▶ **Requirement**
Retype, with no pictures, each line from the one that holds "VAE338T 为 8" through the last line of the entries below, both included.

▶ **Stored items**
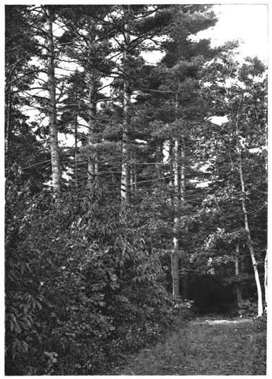 Yon group of spruce-trees, sidewise on the line
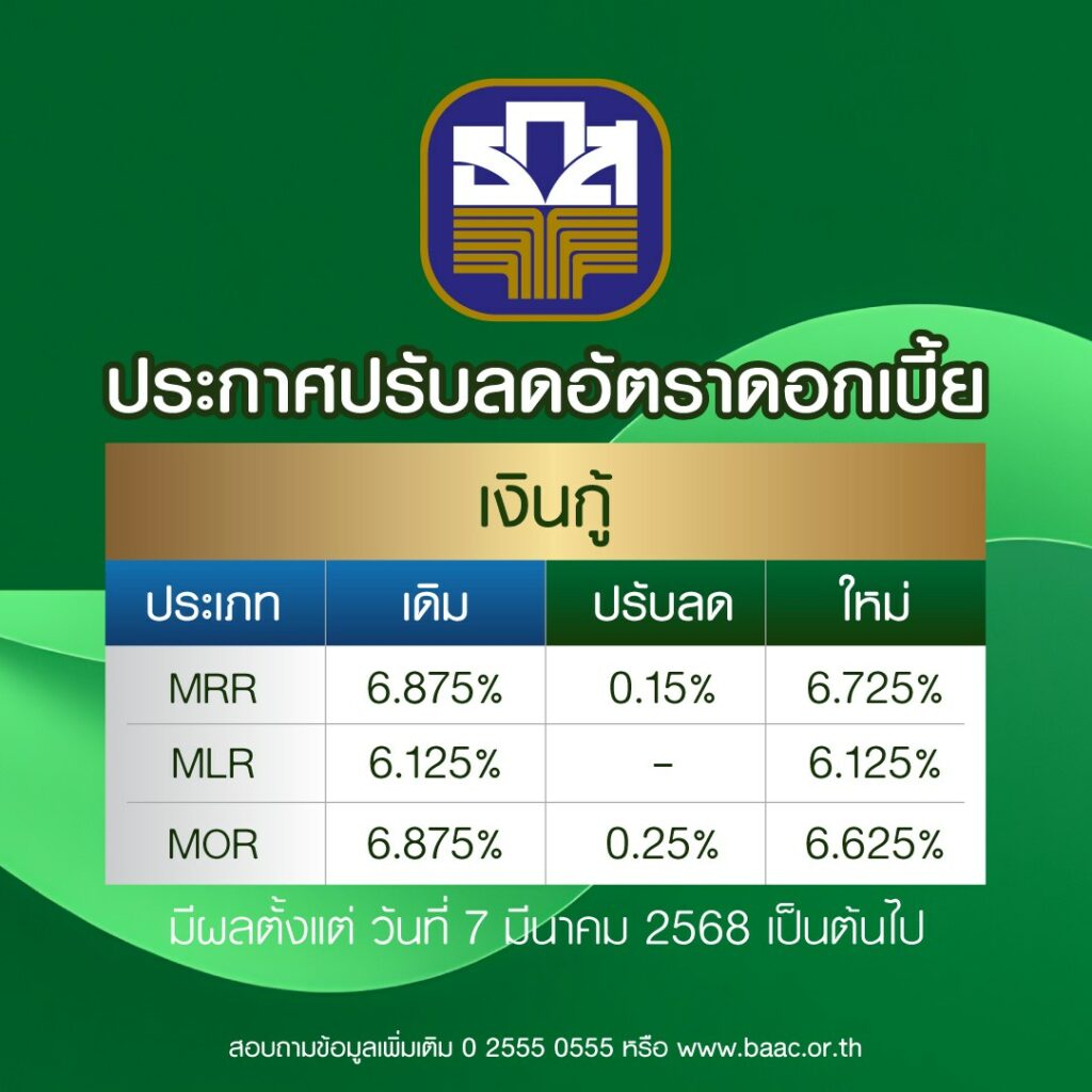 ธ.ก.ส. ประกาศลดอัตราดอกเบี้ยเงินกู้ สูงสุดร้อยละ 0.25 มีผลตั้งแต่วันที่ 7 มีนาคม 2568
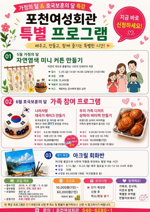 Æ÷õµµ½Ã°ø»ç(»çÀå ±èÈ¿Áø) ¿©¼ºÈ¸°üÀº °¡Á¤ÀÇ ´Þ°ú È£±¹º¸ÈÆÀÇ ´ÞÀ» ¸Â¾Æ ½Ã¹Î Âü¿©Çü üÇè ÇÁ·Î±×·¥ÀÎ ¡®Æ¯° ÇÁ·Î±×·¥¡¯ ¼ö°»ýÀ» ¸ðÁýÇÑ´Ù°í ¹àÇû´Ù.
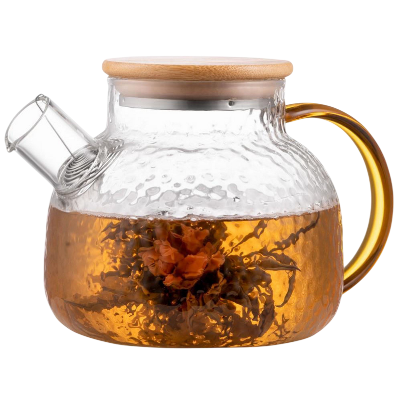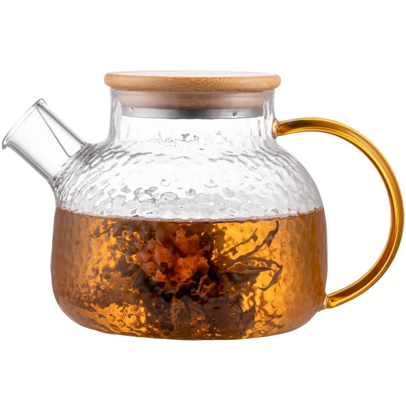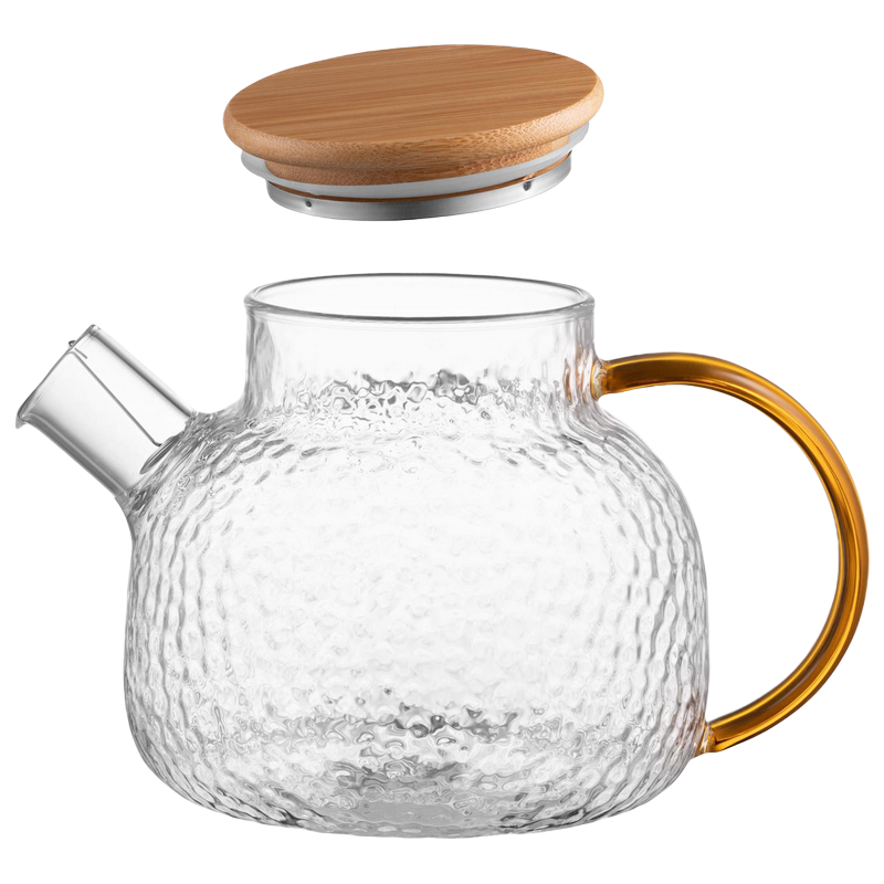 Tipul vasului: Ceainic cu infuzor Volum : 1 L Materialul carcasei: Sticlă Materialul capacului: Bambus
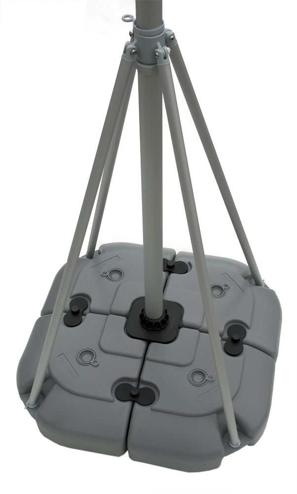 Der Standfuß aus Kunststoff wird mit Wasser oder Sand befüllt und garantiert so eine hohe Standfestigkeit.
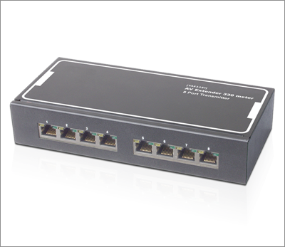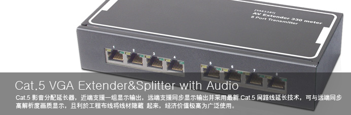 VAE338T 为 8 口的 Cat.5 音视频分配延长器,近端支持一组显示输出,远程支持 8 组同步显示输出并
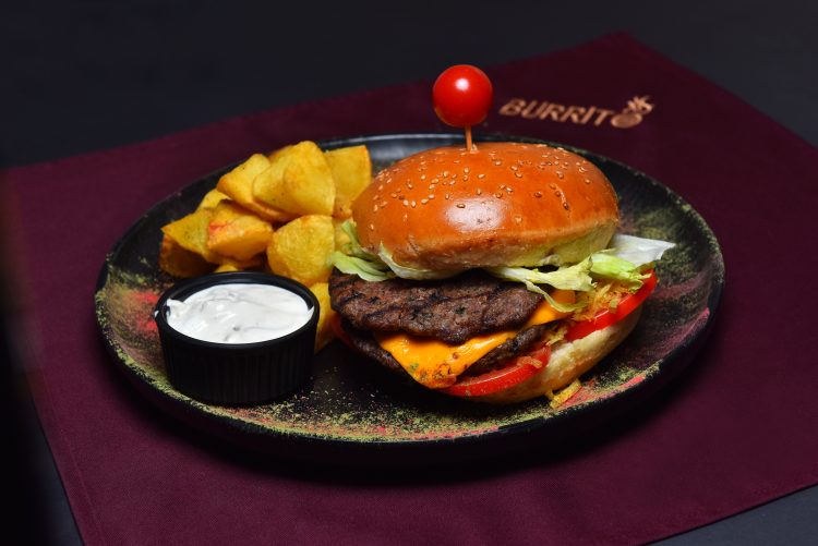 200 گرم گوشت، سس قارچ، پنیر جدار، پیاز کاراملی، کاهو، گوجه فرنگی، سیب زمینی خلالی، سس مخصوص، سیب زمینی سرخ شده

▶ **Answer section**
 VAE338T 为 8 口的 Cat.5 音视频分配延长器,近端支持一组显示输出,远程支持 8 组同步显示输出并
 200 گرم گوشت، سس قارچ، پنیر جدار، پیاز کاراملی، کاهو، گوجه فرنگی، سیب زمینی خلالی، سس مخصوص، سیب زمینی سرخ شده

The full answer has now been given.